Читаем Время итогов полностью

Шолохов обладает чувством внутреннего такта настолько, чтобы ни в коей мере не подчеркивать своего превосходства над собеседником, кем бы тот ни был. Я видел его беседующим со станичником, и речь Михаила Александровича была близка речи станичника. Видел его беседующим с зарубежными писателями, и тут его речь обретала по лексике то информационное оснащение, которое свидетельствовало о большой его писательской культуре. Видел его беседующим и с другими, разными людьми, и тут оттенки его речи были самые разнообразные. Он как-то удивительно быстро умеет распознавать суть человека.

«Почему это меня считают грустным? — как-то сказал он, глядя на свой скульптурный портрет работы Вучетича. — Я совсем не такой».

И это верно, я ни разу не видел его подавленным, мрачным, меланхоличным. Помню, как он до слез смеялся в Вешенской, слушая донского писателя. Александра Бахарева. Как он хохотал! И вообще, надо сказать, Михаил Александрович любит и шутку и веселое слово, и сам не прочь пошутить. Нет, никак нельзя сказать, чтобы он был человеком грустным. Жизнелюб!

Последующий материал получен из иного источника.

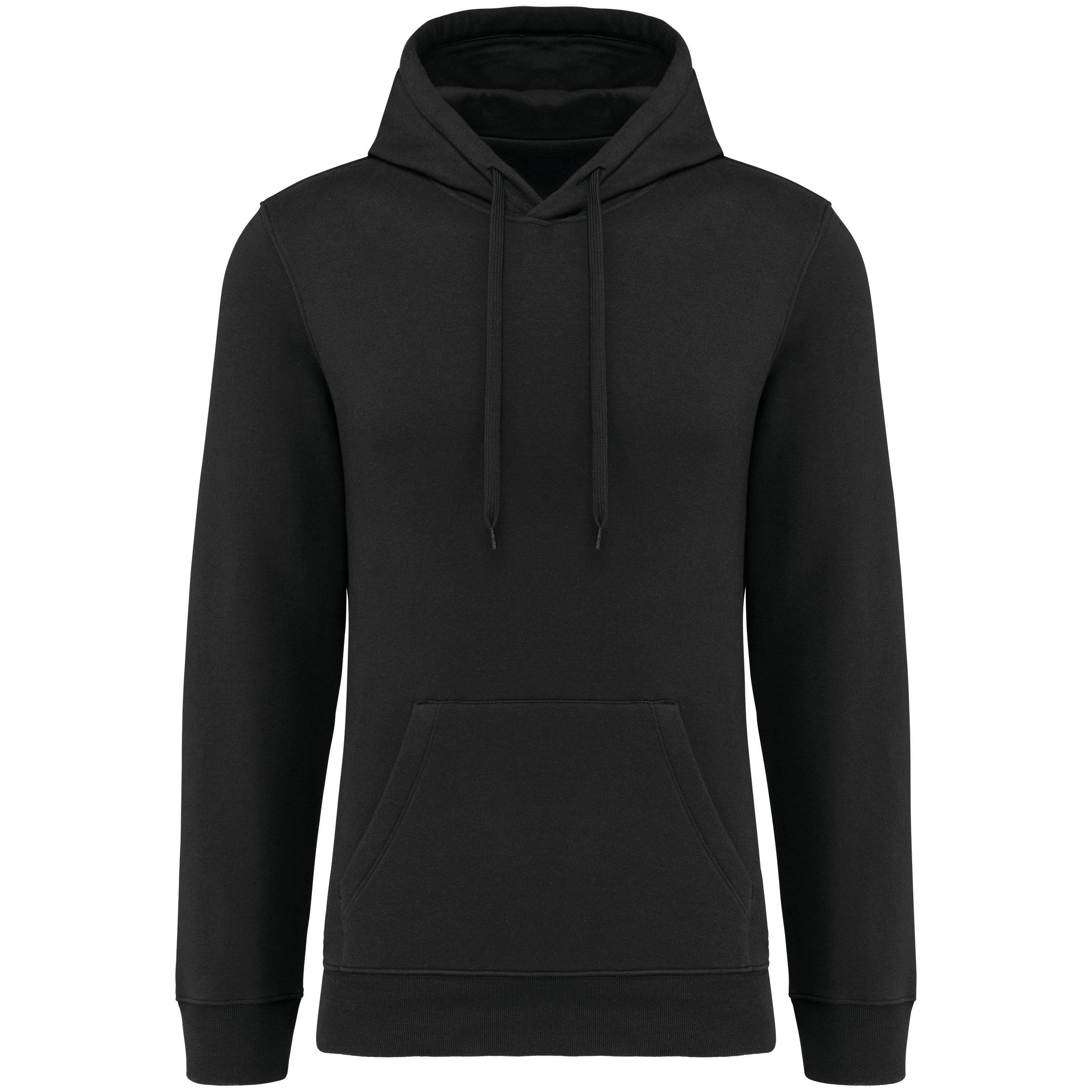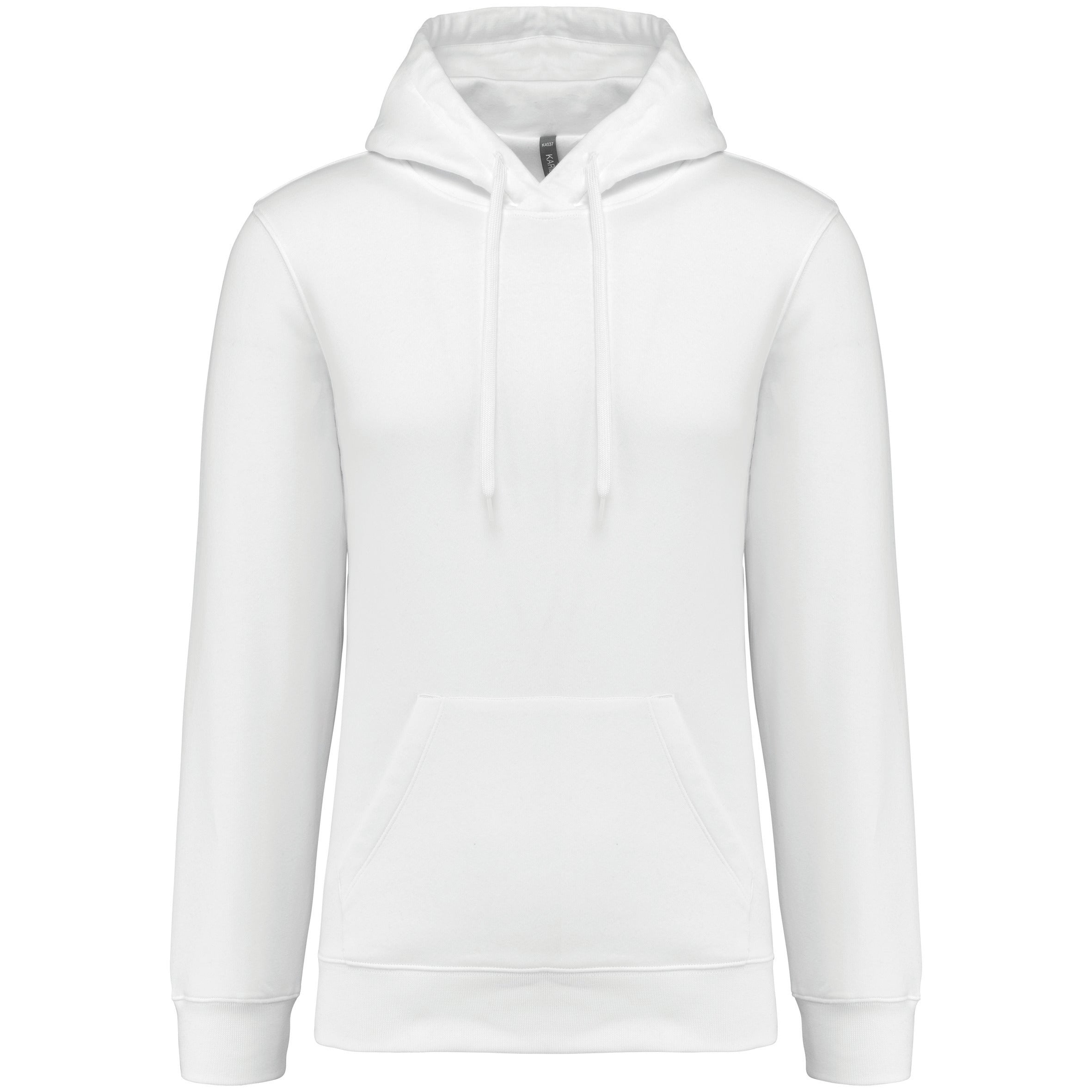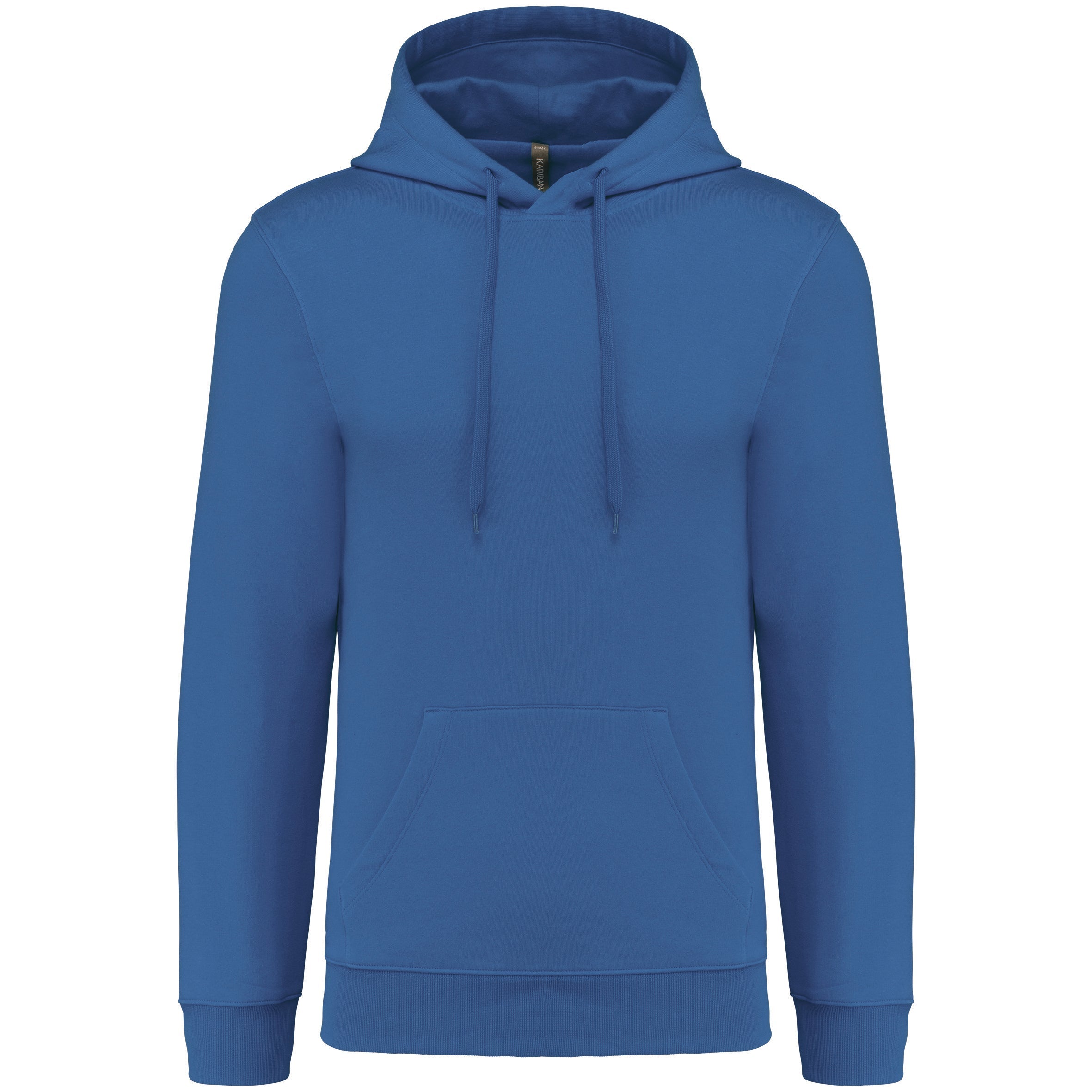 80% cotton/20% polyester. 3-ply LSF (Low Shrinkage Fleece) interior with anti-pilling treatment. Made in Portugal. Straight cut. Round neck. Cut and sew construction. 1 x 1 rib knit tubular construction for better finishing of cuffs and hem. Kangaroo pocket. 100% cotton jersey lined hood with flat drawstring and button eyelets. Half-moon finish on the inside of the neckline. Double stitching on cuffs and hem. No brand label, only size indication to facilitate customization.

Чуткость — характерная черта Шолохова. Любовь к человеку, сочувствие ему — главное в писательском деле. Я не мыслю писателя с черствым сердцем. Не мыслю его проходящего мимо человека, убитого горем. Для меня девизом было, есть и останется то, что если даже на всей земле все будут счастливы и только один человек несчастен, то я буду писать только о нем, только его буду показывать с его горем, чтобы помогли ему люди, чтоб проявили милосердие, приобщили его к когорте счастливых.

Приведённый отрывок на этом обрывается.